I had moved the fish around, this is the third spawning this year, but they have been huge for a long time.

poor males are still guarding them, Someone is buying 3 of these from me this weekend,im going to get his 3 out and syphon the bad eggs.
it looks like the fourth female is going to spawn today, with one of the males, he is almost guarding and prespawning at the same time.......lol.....

The poor odd ball female is getting whooped, strange he chases her then wants to spawn with her.im sure her eggs are bad to, for holding them so long.


----------



## mashunter18 (Jan 2, 2004)

you can see half have started to fungus the rest are still clear.

If you look close you can see all the clear ones also


----------



## mashunter18 (Jan 2, 2004)

Whops

guess I was wrong, all the clear eggs turned to wigglers and sank in the gravel.I had syphoned some to another tank and wiglers everywhere.

Wonder why the eggs werent yellow????

Well I am ready for the fry, I will see how many I end up with


----------



## mantis (May 16, 2003)

wierd...keep us posted man









your selling some rb's hey? just freeing up some room or what?


----------



## mashunter18 (Jan 2, 2004)

This is my third spawn, the other 2 eggs were very yellow, Im surprised the clear even hatched, and there are alot of bad ones this time.My first two spawns were only one batch of eggs and were eatin within 24 hours, probually by the terns that the reds were housed with.

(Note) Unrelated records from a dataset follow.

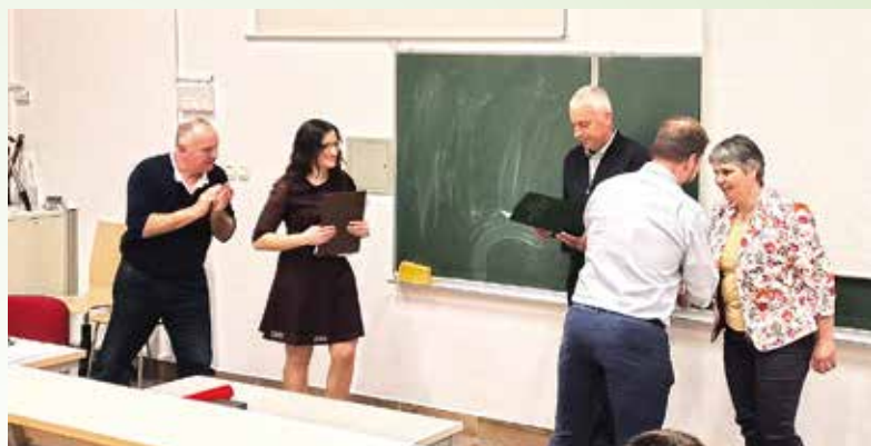
Podelitev priznanja na Biotehnični fakulteti v Ljubljani

nost in pripravljenost pomagati sta zgled, ki ga cenimo in spoštujemo.
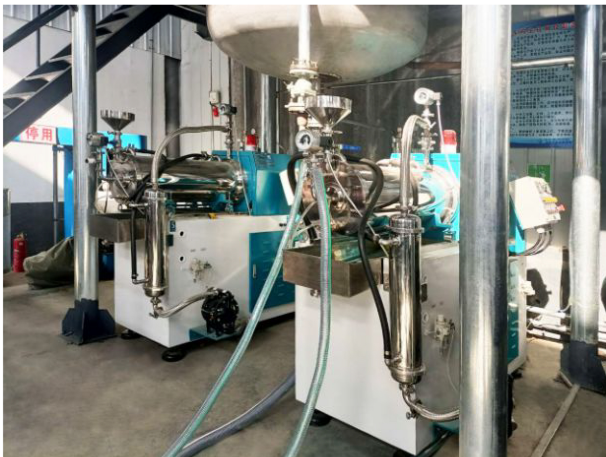
▲山东某客户项目安装调试现场
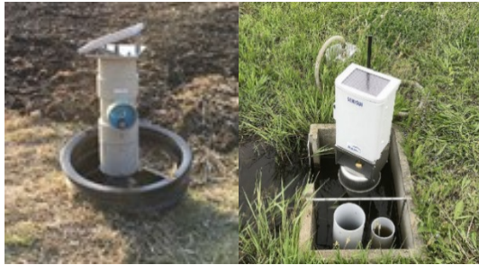
図2 ほ場水管理システムの子機
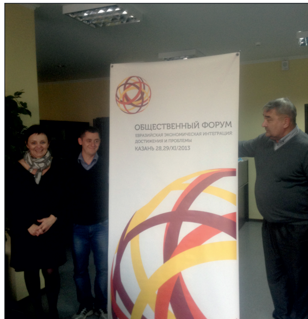
Презентация форума в РЦНК, Минск, 11 ноября

Промышленной палаты РФ. Здесь был показан фильм о форуме, специально снятый телекомпанией VETTA. Для фильма дали интервью российские парламентарии, министр Евразийской экономической комиссии, руководитель Россотрудничества. Сам фильм можно посмотреть на официальном сайте Форума evrazforum.ru Презентацию вели спецпредставитель президента РФ по связям со странами СНГ, руководитель Федерального агентства Россотрудничество» К.Косачев и координатор
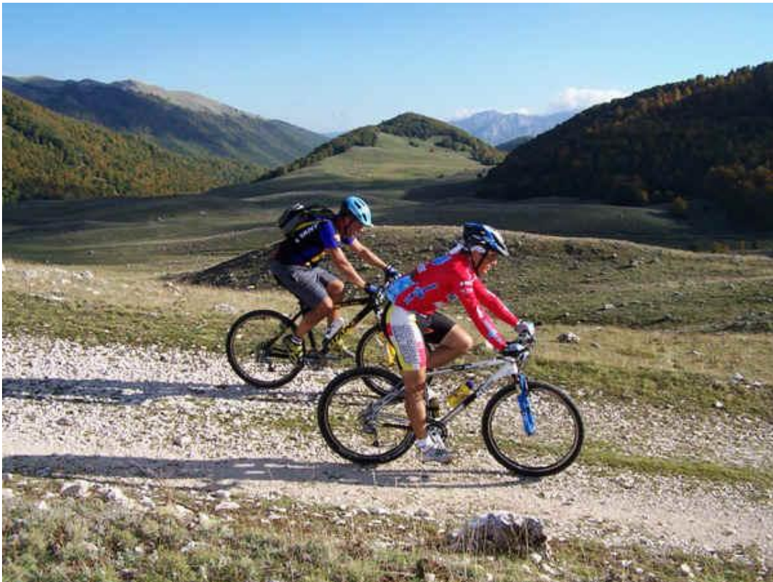
Foto 1 - L'altopiano di Ferrojo

Il percorso parte dalla piazza del paese e prosegue in direzione di Villetta Barrea. Si svolta a dx dopo circa 1 Km dove una strada sterrata evita di percorrere l'asfalto. Dopo circa 2 Km. si raggiunge la località " Le Prata " dove inizia l'evidente sterrata che ci condurrà alle sorgenti del fiume Tasso. Questo itinerario, escludendo appunto la sorgente del Tasso, si caratterizza per l'assoluta assenza di sorgenti, particolare da non sottovalutare soprattutto nella stagione estiva. Si sale ancora fino a raggiungere la sella di Ziomass per svoltare a dx fino a raggiungere una cava (un evidente scavo che interrompe la continuità del profilo del terreno) da dove si prosegue mantenendo sempre la destra fino a raggiungere la sella con vista panoramica sul pianoro di Ferrojo ( vedi foto) e le creste dei monti della Camosciara.
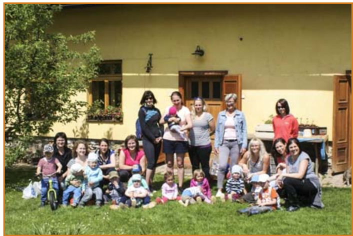
▲ Návštěva kozího dvorku
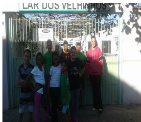
Visita ao Lar 11/06/19
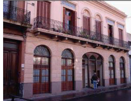
Figura 5: Arquitectura Patrimonial Ciudad Vieja. (Hegoburu, 2009, p.53)
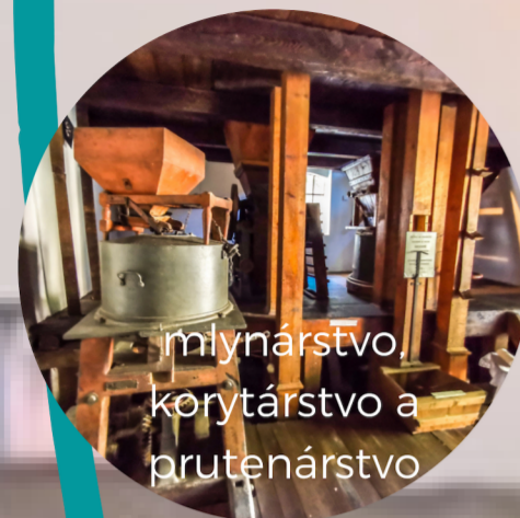
mlynárstvo, korytárstvo a prutenárstvo
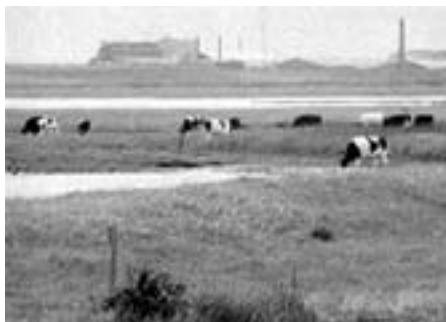
Cheminova idyl: Fra 1953-62 dumpedes 1300 ton kemisk affald på Harboøre Tange

Den kemiske industri – herunder bl.a. farve-, lak- og grafisk industri, plantebeskyttelse, fødevarsminkning, parfumeindustri samt medicinalindustrien og store dele af våbenindustrien – har, i hvert fald siden de rabiate forsøg i kon-
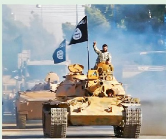
8 Der IS verfügt über schwere Waffen
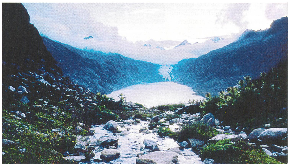
Der Stausee Oberaar (2300 m ü. M.) dient auch als Pumpspeicherbecken.

Für den Besitzer einer bestehenden Pumpspeicheranlage lohnt sich das Pum-
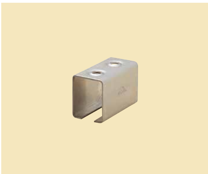
ステンレス 継ボックス受
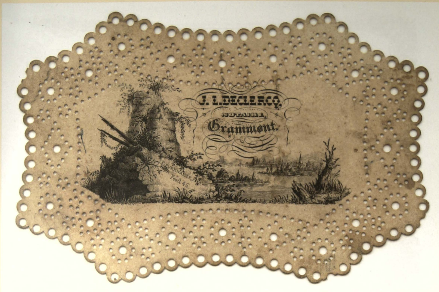
J. L. Declercq, notaire, Grammont (J. Bevernaege, Fils, Fecil 46)

Voor zijn naamkaartje gaf notaris J.L. Declercq de voorkeur aan een romantisch getekend landschap dat wel grotendeels de vrucht is van een nostalgische verbeelding. Met een overgroeide torenruïne en een afgeknakte knotwilg op de voorgrond, zien we een idyllisch rivierlandschap opduiken met langs de oevers enkele stemmige dorpjes rond de kerktoren. Boven de horizonlijn prijkt naam en adres van de notaris in een sierlijke kalligrafische uitvoering. Het geheel is afgedrukt op een geperforeerd wit karton, dat duidelijk geïnspireerd is op een model dat in kant was uitgewerkt. Door zachte grijsovergangen is er een zeer subtiele maar duidelijke modellering gerealiseerd, zowel in de tekening van de ruïne als van de bomen in het landschap.
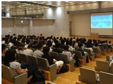
参加高校生100名が全国から集合。これから始まる聞き書き甲子園に緊張しながらも期待に溢れた面持でした。
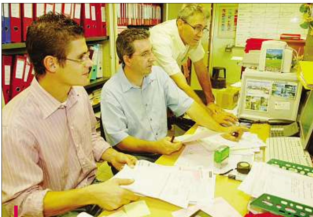
L'entreprise Cuisine et Froid d'Entraigues a recruté des personnes souffrant d'un handicap. Le forum de Digne souhaite intensifier cette pratique en proposant un stand et une table ronde.

Pour les organisateurs, il était exclu de ne pas ouvrir ce carrefour de l'emploi aux travailleurs en situation de handicap. Un stand d'information et d'orientation leur sera destiné et une table ronde qui réunira divers partenaires tels l'AGEFIPH (Association de gestion du fonds pour l'insertion professionnelle des personnes handicapées), le réseau Cap Emploi, la MDPH (Maison Départementale pour le Handicap), l'Union des entreprises ou encore Pôle Emploi, débutera à 11 h 45. Les lois de juillet 1987 et février 2005 sur l'égalité des chances font obligation aux entreprises de plus de 20 salariés d'avoir un quota de
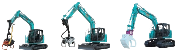
アセラジオスペックSK75SR-3EF アセラジオスペックSK135SR-3F アセラジオスペックSK165SR-3F
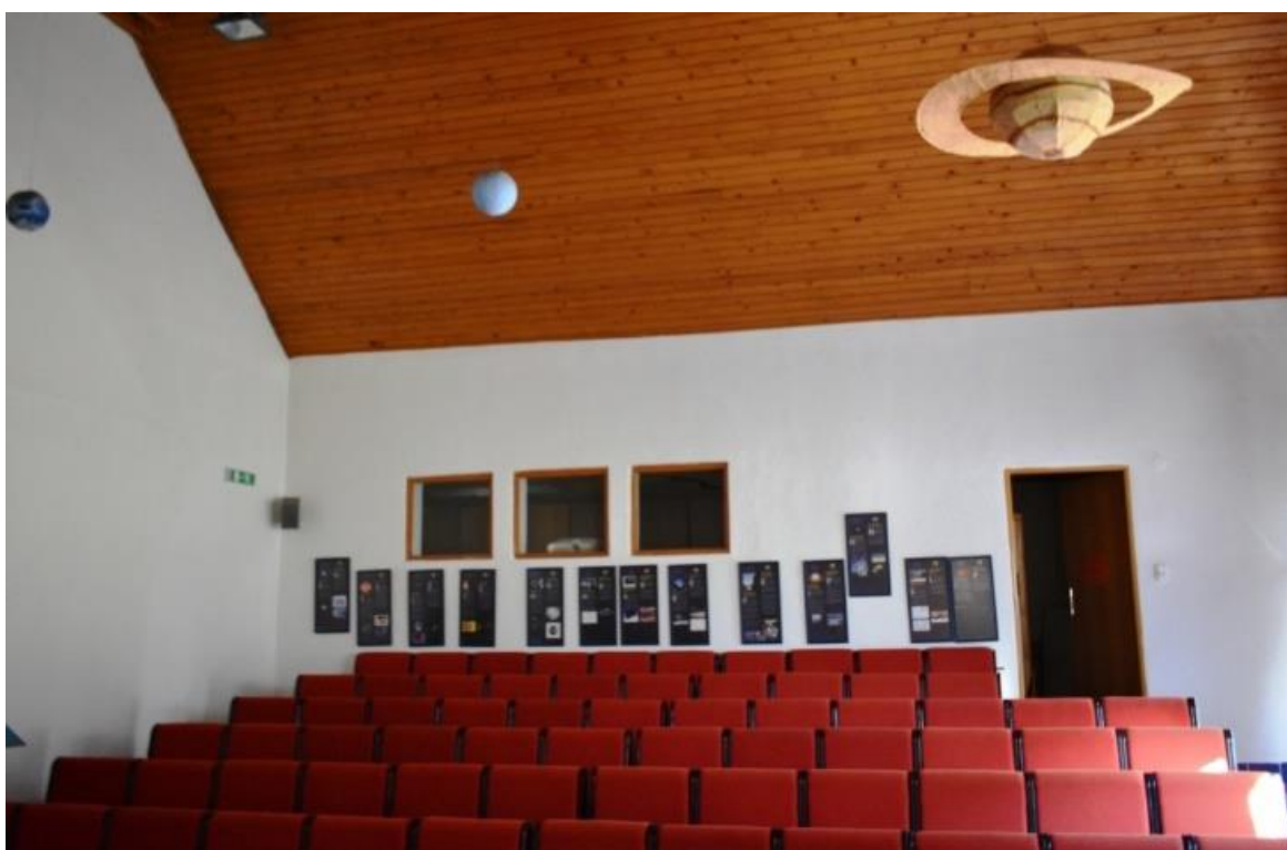
Az előadóterem a vetítőképek felől
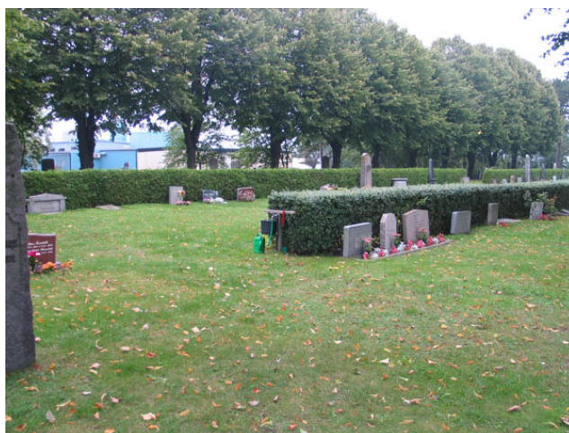
Norra delen av kyrkogårdens äldsta del från väster. (KI Borgholm kyrkog 029)
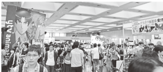
～京都国際マンガ・アニメフェア(京まふ)会場の様子～
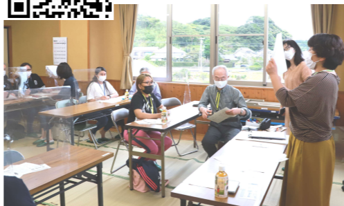
↑日本語教室(初級レベル)
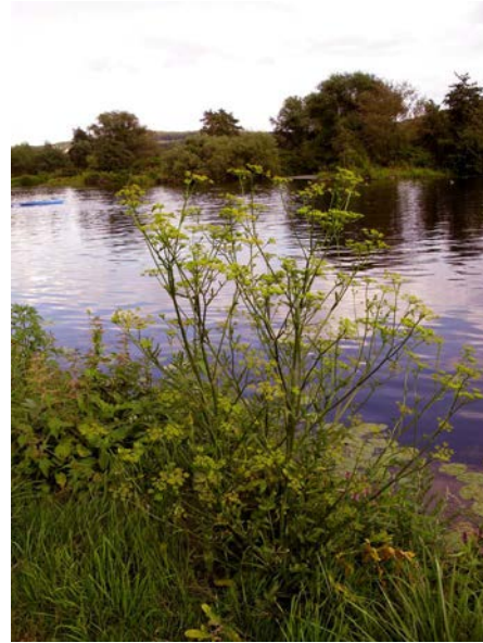
Abb. 18: Wiesen-Pastinak ( Pastinaca pratensis ), am Ruhrufer in Bochum (A. JAGEL).
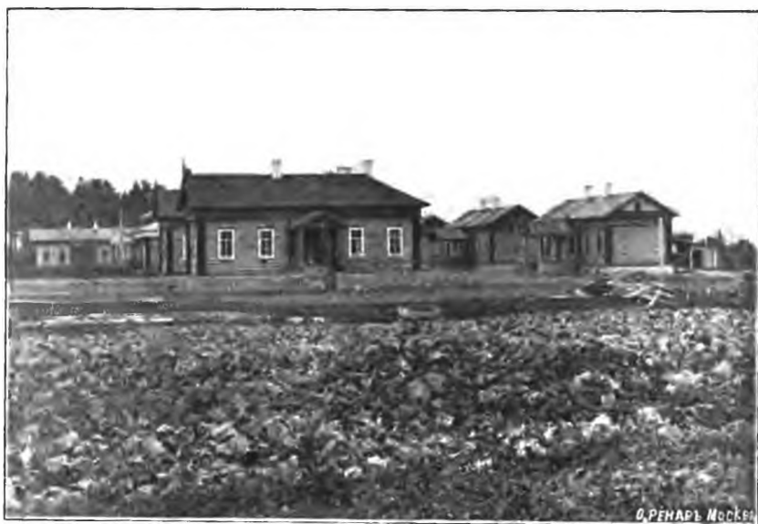
Рис. 6. Деревянная колонія.

Баракъ для заразныхъ больныхъ (см. табл. Е) представляется зданіемъ, построеннымъ изъ смѣшаннаго елового и соснового лѣса, поставленнымъ на деревянные столбы и крытымъ тесомъ. Зданіе это состоитъ изъ

All 3 batches, are like that, very clear
I have a couple hundred in a little tank right not that I syphoned, none of those fungused.A bunch of clear wigglers not yellow.

Im guessing if some make it a few more days we will see what they look like.

Im going to suck as many babies out as I can if they dont get eatin by the parents, Im assuming they will come back to the top maybe tommorrow or wednesday and be free swimming, I can see them between the gravel and glass.

Im just baffled by the clear color, doesnt look like any fry or eggs iv ever seen on here.

Yeah Im selling 3 to thin down to just 4 red belly.They are kind of packed in the 135 gallon, 4 will be more room for them.


----------



## mantis (May 16, 2003)

It is strange. Guess you'll have to wait an see, and hope they make it.

good luck man.


----------